Edit: slater ich hab dein Beitrag zu spät entdeckt. Eigentlich wollte ich eben gerne mit EnumMap arbeiten - das soll besonders effizient sein. Aber am wichtigsten wäre mir, dass ich weiß das die Schlüssel enums sind.

Edit2: Slater dein Konstrukt funktioniert (nix mehr rot) - danke.
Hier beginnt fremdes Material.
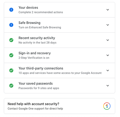 Google Security Checkup is number one on the Gmail account hacker defense list as it represents the most efficient way to ensure that a number of security protections are in place by checking what you already have and don’t have activated. Everything from two-factor authentication status to email forwarding activations and safe browsing controls is covered. Best of all, it is automatic, as soon as you land on the security checkup page, all the details have already been compiled and are waiting for you in an easy-to-use checklist format.

Nun wäre noch die Frage ob ich jemals wieder von T zu einem Enum komme - bzw irgendwann hätte ich gerne eine (Enum)Map bei der ich mit EnumSchlüsseln an die Werte komme?!


----------



## SlaterB (24. Sep 2010)

EnumMap habe ich in meinem Beispiel nicht geschrieben, weil ich das nicht kenne,
kannst du machen wie du willst, 

ich habe von deinem Satz
> gibt es irgendeine Variante eine Methode generisch für verschiedene Enum-Klassen(die ein Interface implementieren) zu basteln und eine EnumMAp zurückgibt? 
nur 
> gibt es irgendeine Variante eine Methode generisch für verschiedene Enum-Klassen(die ein Interface implementieren) zu basteln? 
beantwortet 

----

und wer sagt, dass enumI.class.getEnumConstants() nicht geht?
bzw es muss enumI.getClass().getEnumConstants() lauten

wobei du besser wie in meinem Beispiel die Class an sich übergeben solltest stats speziell einen Enum-Wert davon,
bei Übernahme null sähe es düster aus (edit: ok, ist bei class == null genauso)


----------



## Der Müde Joe (24. Sep 2010)

suchst du sowas?
blick grad net ganz durch (muss nochmals genau lesen)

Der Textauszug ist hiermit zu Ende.